LaMattina was tasked with coming up with community-wide celebration in East Boston.
“My wife Lisa and I just got married the year before,” said LaMattina. “At the time a lot of the friends that we grew up with were moving to Saugus, Peabody, and Revere. One night Lisa and I were talking about the future and whether or not we should move but Lisa said we should stay and take care of East Boston. I’ll never forget that conversation because it was at that moment we made a commitment to the neighborhood.”
So LaMattina had an idea after that conversation.
“It really started with Mayor Flynn wanting to do events throughout the summer to bring communities closer together and kids off the streets,” said LaMattina. “There were pockets of East Boston that were run down, absentee landlordism was at an all-time high, some of our parks were a mess, there were empty storefronts. But it was like this all over Boston. A lot of the residents who moved complained that the neighborhood wasn’t the same and I found that really insulting because I loved Eastie.”
LaMattina said between his wife’s encouragement to stay in Eastie and the fact the neighborhood still had a lot to offer, he banned together a like-minded group of friends, community activists and longtime residents that had no intention of leaving their beloved neighborhood.
“It was sort of a ‘we’ll show them’ attitude towards the people that left the neighborhood,” said LaMattina. “I believed then and still believe today that we live in the best neighborhood in Boston and I wanted to showcase all the talent and love people had for Eastie.”

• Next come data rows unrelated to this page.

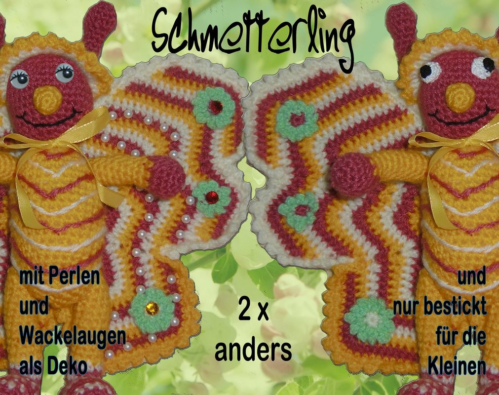 Mit Wolle der Nadelstärke 3 – 3,5 wird der Schmetterling ungefähr;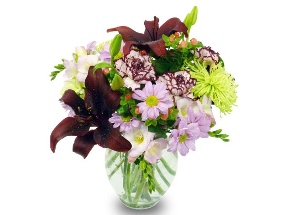 Warm Wishes contains Daisies, Anastasia, Carnations, Lilies, Berries, with filler and greens in a glass vase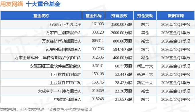 持有用友网络最多的基金为万家行业优选LOF,目前规模为58.28亿元,最新净值1.4372(4月24日),较上一交易日上涨1.63%,近一年上涨24.43%。该基金现任基金经理为黄兴亮。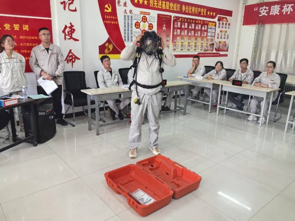 比賽現(xiàn)場,參賽隊(duì)員們個(gè)個(gè)精神抖擻、斗志昂揚(yáng)�!靶姆螐�(fù)蘇操作”“正壓式空氣呼吸器穿戴”兩個(gè)項(xiàng)目,選手們爭分奪秒?yún)s有條不紊:檢查患者意識和呼吸、檢查氣瓶壓力、調(diào)整背帶松緊、佩戴面罩并測試氣密性……一套流程行云流水,展現(xiàn)出扎實(shí)的技能功底與高度的安全意識�;顒蝇F(xiàn)場,公司安全總監(jiān)鐵旭東、安全主管何寧、海什全程監(jiān)督評分,并針對操作細(xì)節(jié)進(jìn)行實(shí)時(shí)監(jiān)控,將比賽轉(zhuǎn)化為安全培訓(xùn)課堂,達(dá)到競賽和培訓(xùn)相結(jié)合。參賽職工紛紛表示,通過比武不僅提升了應(yīng)急處置能力,更深刻體會到規(guī)范操作的重要性。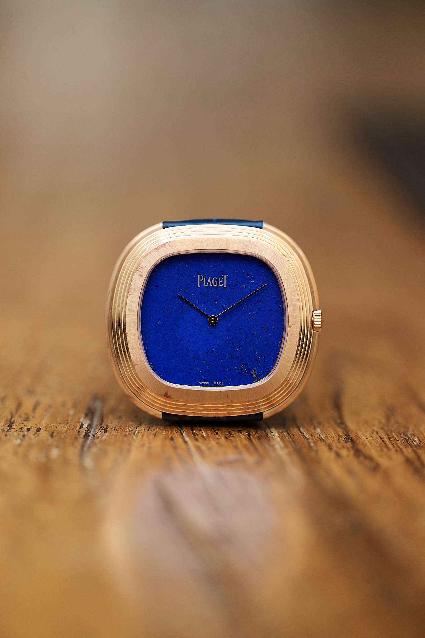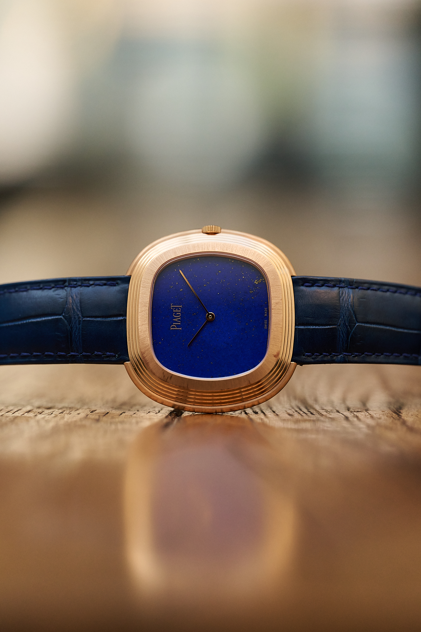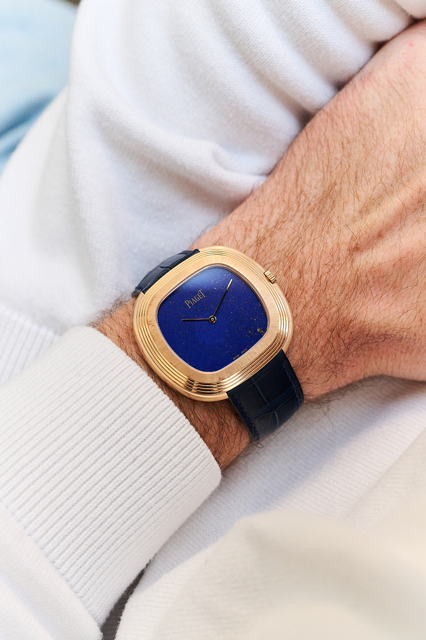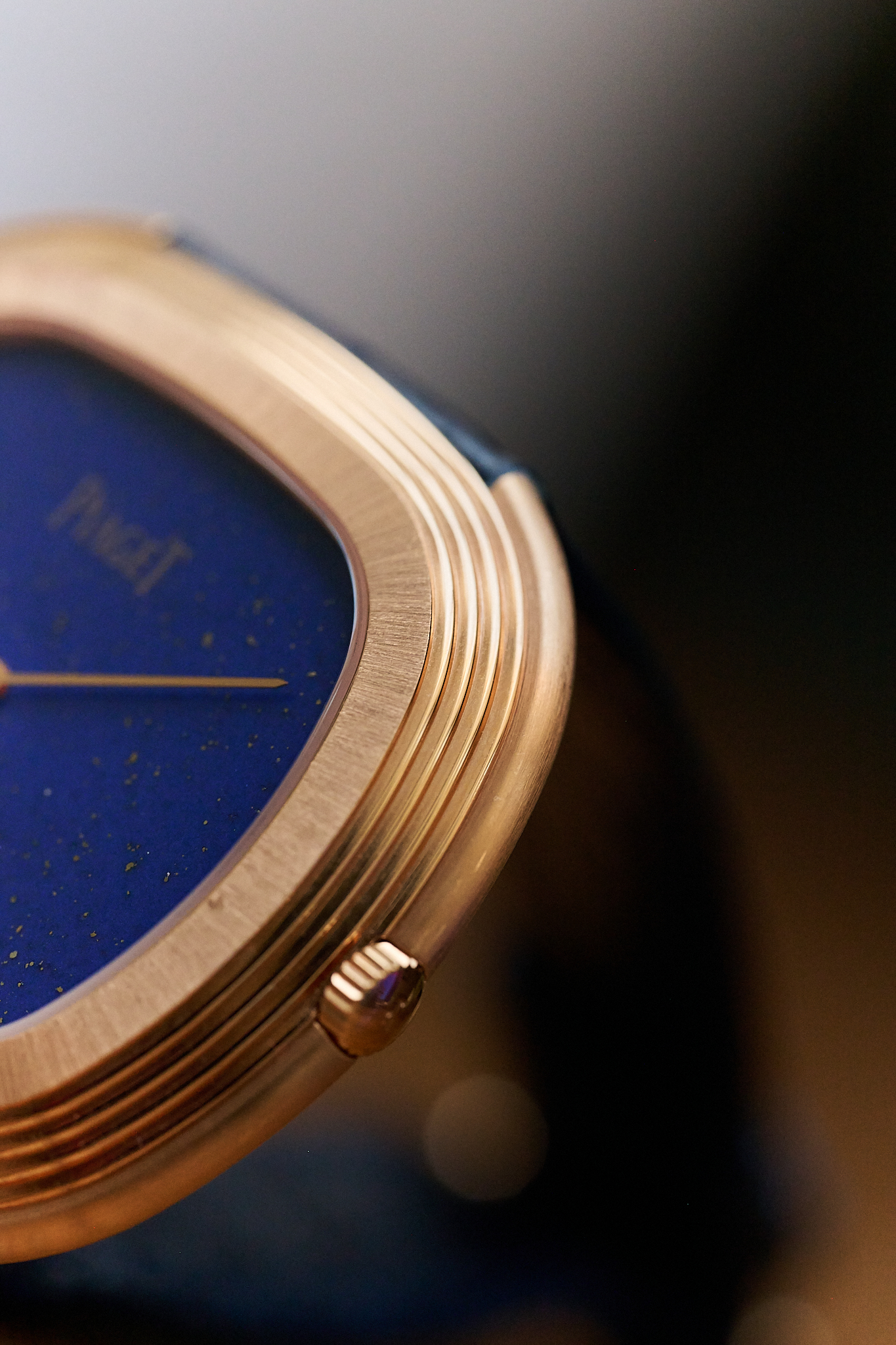 The dial is a beauty - rich ultramarine with naturally flecked gold pyrite, the sort of organic texture no modern technique can replicate. Framed by the warm, ridged 18k rose gold case, it has that quiet glamour Piaget mastered during its high-creativity era; elegant, slim, and effortlessly chic.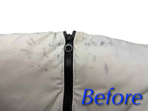 今回の事例は、ダウンジャンパーについた黒いオイルのシミ抜きです。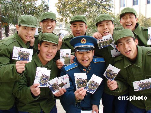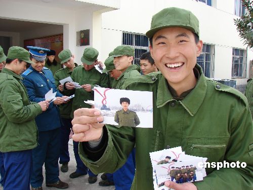 1月31日,春節(jié)臨近,濟(jì)南空軍某飛行學(xué)院為新兵們免費(fèi)拍攝軍旅生活照片。中新社發(fā) 耿國慶 攝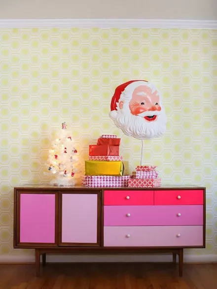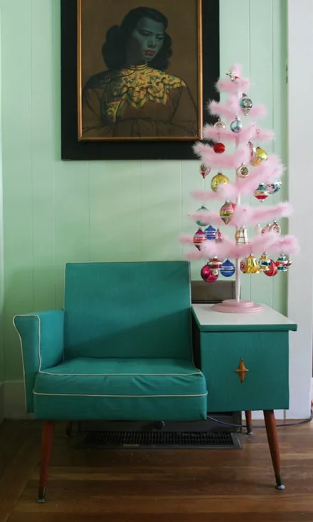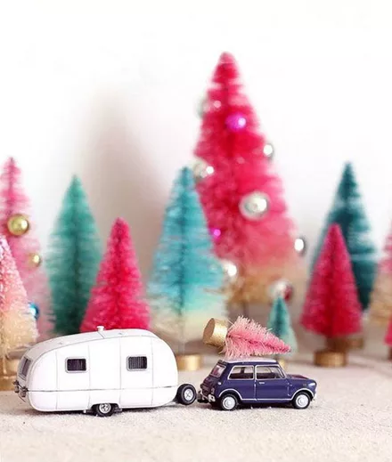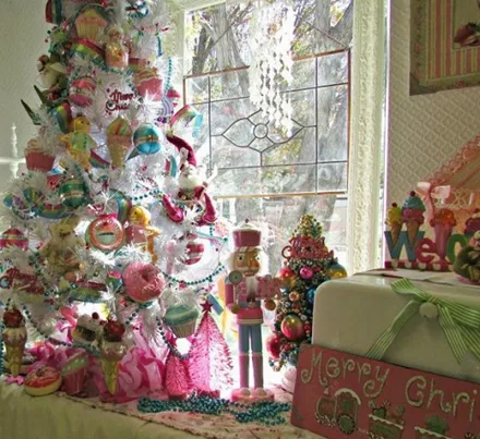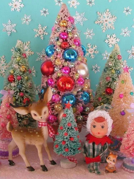 Τα χρωματιστά (ροζ, λευκά, ασημένια) δέντρα συνδυάζονται με τα χρωματιστά, ρετρό στολίδια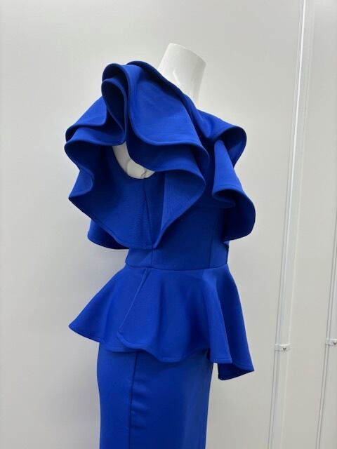 ワンショルダーでフリルが重なった立体的なデザインで、ウエスト部分にも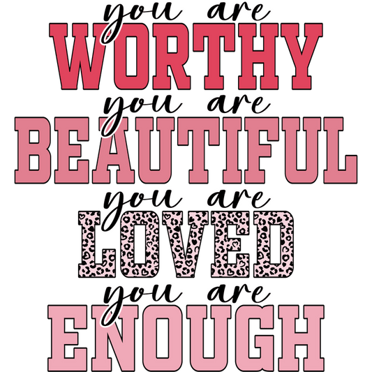 A vibrant, inspirational design featuring affirmations: "Worthy, Beautiful, Loved, Enough," with playful typography and a mix of colors and patterns.DTF Transfers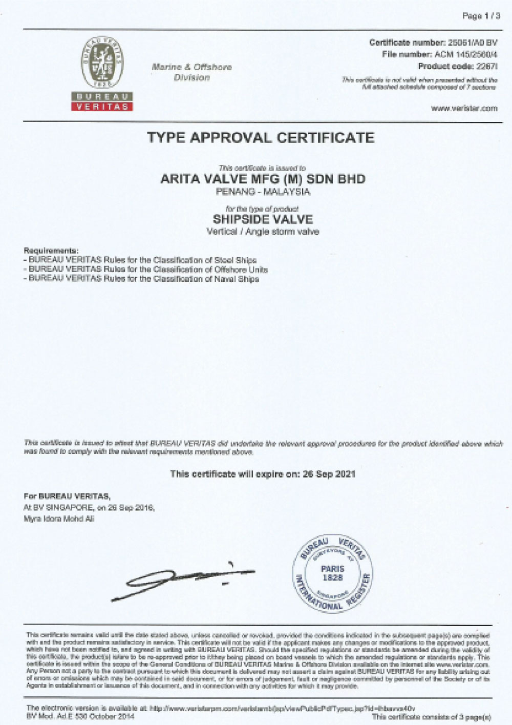 Bureau Veritas Certificate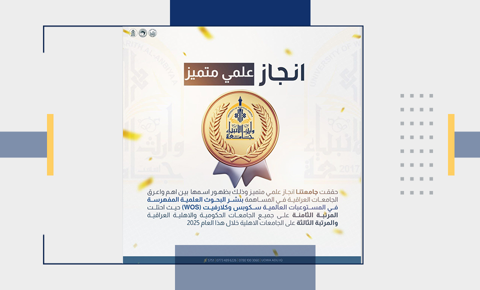 أحرزت جامعة وارث الأنبياء (عليه السلام) إنجازًا علميًا جديدًا يُضاف إلى رصيد إنجازاتها المتنامي، بعد أن تم إدراجها ضمن قائمة أبرز الجامعات العراقية في مجال نشر البحوث العلمية المفهرسة ضمن المستوعبات العالمية الرصينة مثل Scopus وWeb of Science.

So, on a hot summers night in 1988 at East Boston Memorial Stadium, the first Eastie Pride Day was held.
“We had donkey rides, food, local musicians like The Stompers, dunk tanks, rides,” said LaMattina. “That first time a lot of people that moved came back to the neighborhood and were surprised by the spirit.”
LaMattina said he was very careful not to make it a cultural event.
“I didn’t want it to be Italian Pride or Irish Pride because I felt it should be a celebration of East Boston’s diversity,” said LaMattina. “I wanted it to be an event where everyone who lived in the neighborhood felt welcome and could meet new people and new neighbors and start community building. If you look at Eastie Pride Day now it is a true representation of the community.”
However, LaMattina admits he thought it would only be a one-time event.
“When we planned the first Eastie Pride Day we thought that would be it,” said LaMattina. “Have everyone come down, show off their Eastie Pride and it would be over.”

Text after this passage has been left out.